Last week, however, the Appellate Division changed course when it issued L.R. v. Camden City Public School District. In a published decision that will be binding upon all trial courts, the Appellate Division shut down all access to any record that “relates” to an “individual student.” The public is no longer entitled to even a redacted copy of the record. Their reasoning? The NJPRA exempts “information related to an individual student” and a record still “relates” to an individual student even if it is de-identified. The Court explained its reasoning:

For example, a document reflecting a school district's settlement of claims for special services by a hypothetical disabled student, Mary Jones, remains a “student record,” even if her name and other personal identifiers are removed from the settlement agreement. The record still “relates” to Mary Jones and discusses aspects of her life. The document does not cease becoming a “student record,” or change its fundamental character, even if, say, a redacting employee took an extra-wide marker to mask the child's name, address, Social Security number, and other demographic information, or replaced the actual names within it with fictitious names. Jane Eyre surely was Charlotte Bronte's novel even though it bore the pen name of “Currier Bell”; likewise the works of Samuel Clemens were no less his own despite being issued under the pseudonym of “Mark Twain.”

Of course, we only know that Charlotte Bronte authored Jane Eyre because she revealed that fact. Had she chosen to remain anonymous, no one would know that Jane Eyre “relates” to Charlotte Bronte.

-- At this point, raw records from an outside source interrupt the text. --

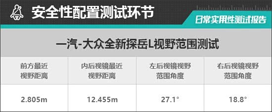 一汽-大众全新探岳L作为全新换代车型,不仅在外观和内饰设计方面进行优化,还拥有更宽敞的车内空间和更丰富的车载娱乐配置,非常符合国内消费者的用车需求。从测试成绩来看,评测车在主驾驶座调节行程、后方视野和左外后视镜视野范围方面表现不错,但在储物空间数量、右外后视镜视野范围方面还有优化的空间。综合来看,一汽-大众全新探岳L的实用性表现符合预期,可以满足家庭日常使用所需。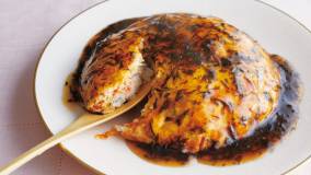 トロリとしたスープのように汁がたっぷりのうま煮です。中国では「ゴン」と呼ばれています。帆立の貝柱に見立てたエリンギの輪切りで食感もにぎやかに。とろみを強くし丼仕立てにするのもおすすめの食べ方です。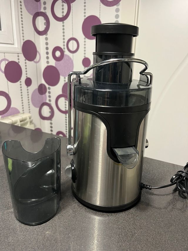 Licuadora de acero inoxidable con un diseño moderno. - Cuerpo de acero inoxidable. - Boca ancha para introducir frutas y verduras enteras. - Palanca de seguridad.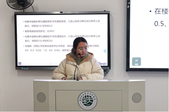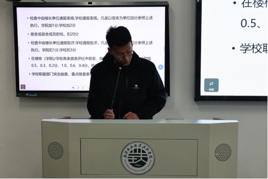 活动伊始,主讲人首先说明了星级宿舍检查内容及评定标准,总体要求达到“六净”“五无”“三整齐”。紧接着,主讲人说明了宿舍卫生管理的重要性及扣分和加分的标准,并着重强调个人所得分与学期末操行分息息相关,要求同学们重视星级宿舍的评定,并作出实际行动。最后,主讲人强调学院将贯彻落实日常普查、突击抽查、重点排查制度,把控宿舍无人带电、卫生等基础管理状况,对星级宿舍或不达标宿舍进行赏罚,对面临的问题及时反馈及解决,最大限度保证学生安全稳定。同时,主讲人希望全体同学能够携手并进,共同建立文明和谐校园,共同营造和谐舒适的宿舍环境。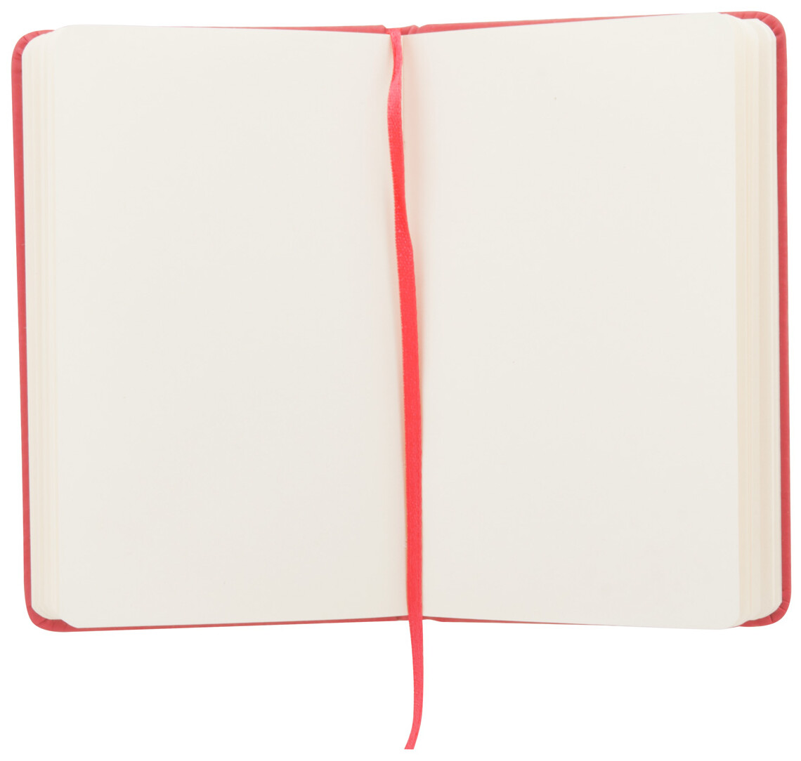 Poznámkový blok se 100 čistými listy, záložkou a gumičkou. Velikost A6.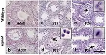 Mutations in Mtap2, a microtubule-associated protein, as observed in repro4 mutant spermatocytes, have been shown to arrest spermatogenesis progress during the prophase of meiosis I. This is observed by a reduction in spermatid presence in repro4 mutants.[14]

The problem with the decision is that it fails to consider NJPRA’s purpose: to provide students with “reasonable privacy.” N.J.S.A. 18A:36-19. That goal is fulfilled by de-identifying student records. Beyond our state courts, numerous federal courts have also held that a de-identified record no longer “relates” to an individual student and is thus no longer exempt under FERPA.

The Appellate Division’s decision is overbroad. It will exempt any and all settlement agreements relating to students. This means the public will have no way of monitoring how its school board is spending money. Did the school board pay its own attorneys $200k to fight a trip-and-fall suit worth $10k? The public will have no way to know, because now those settlements have now been rendered categorically exempt—despite the fact that the lawsuit itself was publicly filed and available through a courts record request.

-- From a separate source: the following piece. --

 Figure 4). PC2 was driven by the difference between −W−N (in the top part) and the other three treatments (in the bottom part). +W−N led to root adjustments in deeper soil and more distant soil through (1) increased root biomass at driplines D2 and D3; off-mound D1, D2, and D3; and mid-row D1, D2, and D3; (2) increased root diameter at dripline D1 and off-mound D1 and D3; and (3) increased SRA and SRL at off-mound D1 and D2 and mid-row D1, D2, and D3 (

School boards will no doubt utilize the L.R. decision to exempt all sorts of records. Was an individual student discussed in a closed session? If so, a school board will no doubt try to use L.R. to justify non-disclosure of those minutes—even though redaction would suffice to protect the student’s privacy.

The Appellate Division recognized that this case is worthy of Supreme Court review and stayed its decision. Hopefully, the Supreme Court will restore a common sense approach that protects the privacy of students, but also permits the public to provide financial oversight over school boards. In other words, redaction can simultaneously advance the NJPRA’s goal of ensuring a student’s reasonable privacy and OPRA’s goal of promoting transparency.